En la chocolatería Santa Lucía un platillo de churros (media docena) con chocolate cuesta 4,20 euros. Si se prefiere, por un precio algo inferior (3,60 euros) se puede optar por acompañar el goloso manjar con un café con leche. A una familia se le abren los ojos cuando una montaña de churros se posa sobre la mesa. Son cuatro raciones. Precio: 16 euros. «Está bien. Aquí los precios no los suben, son los de siempre», dice una de ellas.

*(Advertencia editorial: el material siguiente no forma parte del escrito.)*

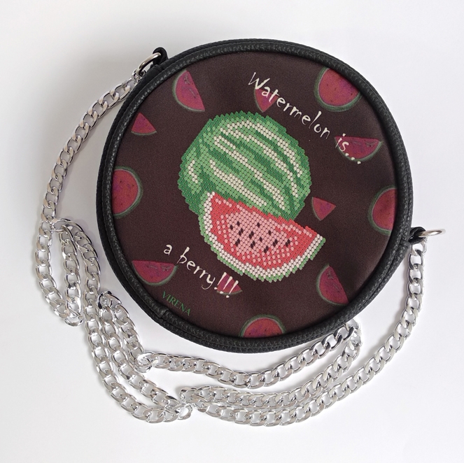 Сумка для вишивки бісером кругла, Ручка виконана у вигляді металевого цепу,
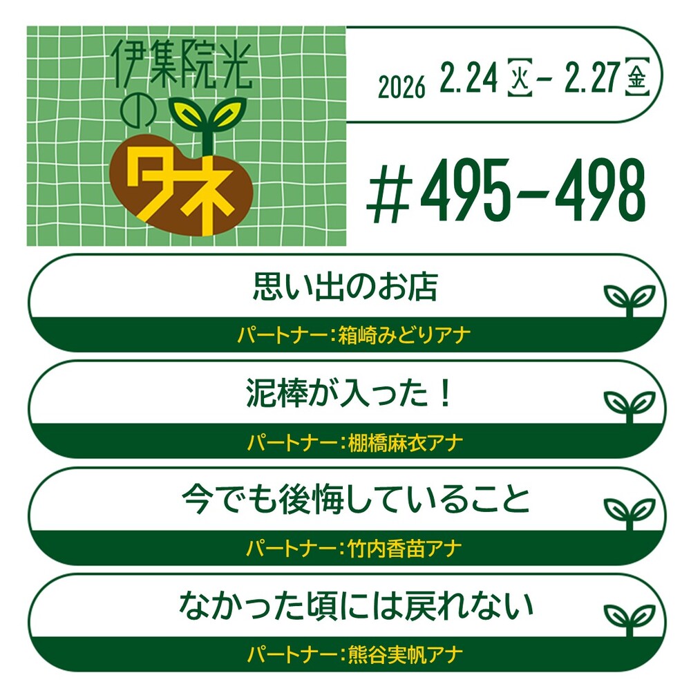 第495回~第498回 2026年2月24日~2026年2月27日放送『171.思い出のお店』『13.泥棒が入った!』『22.今でも後悔していること』『127.なかった頃には戻れない』
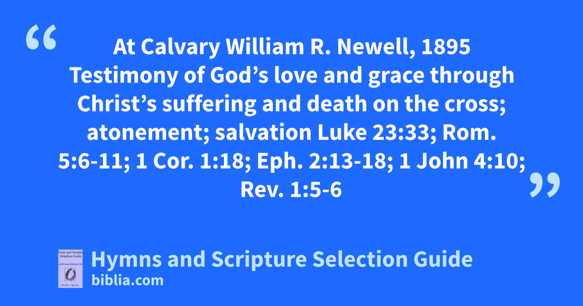 At Calvary William R. Newell, 1895 Testimony of God’s love and grace through Christ’s suffering and death on the cross; atonement; salvation Luke 23:33; Rom. 5:6-11; 1 Cor. 1:18; Eph. 2:13-18; 1 John 4:10; Rev. 1:5-6
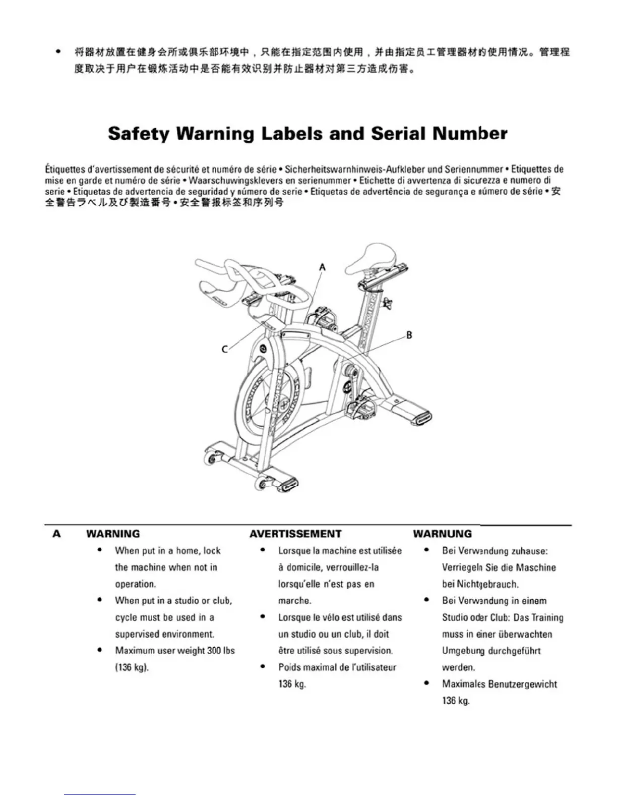 Schwinn A.C. Performance Plus - Safety Warning Labels and Serial Number; Safety Warnings
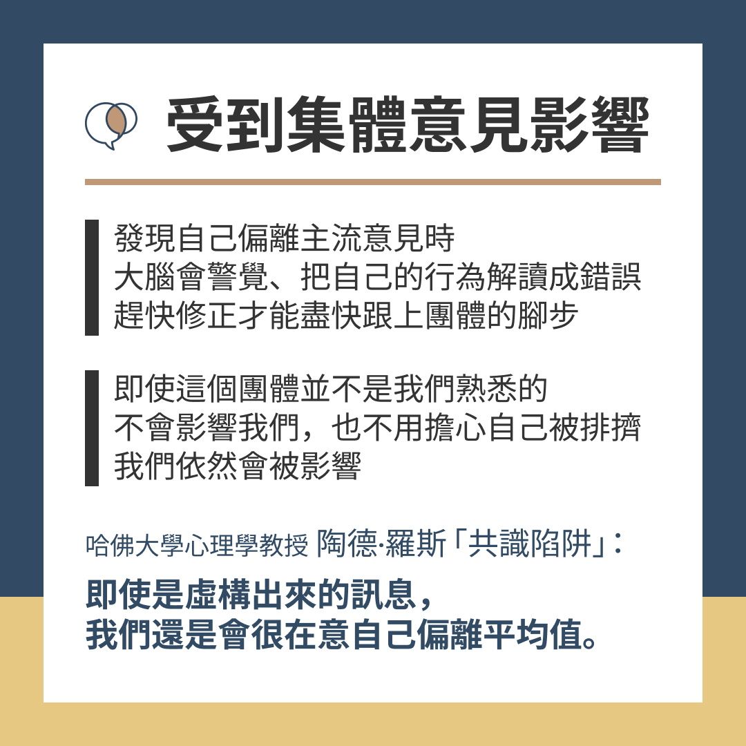 發現自己偏離主流意見時,大腦會開始警覺,把自己的行為解讀成錯誤,趕快修正才能盡快跟上團體的腳步

Una pareja de unos 40 años se han salido un poco por la tangente y en lugar de churros se han decantado por el gofre con chocolate (2,50 euros), otro de los clásicos de la casa. Itziar es donostiarra; Jorge, de León. Vienen de ponerse morados a pintxos en el bar Martínez de la calle 31 de agosto. «Es el mejor de la ciudad», dice ella. En realidad, la primera opción era el Aquarium pero como «la cola era tremenda» han terminado «en la churrería de siempre».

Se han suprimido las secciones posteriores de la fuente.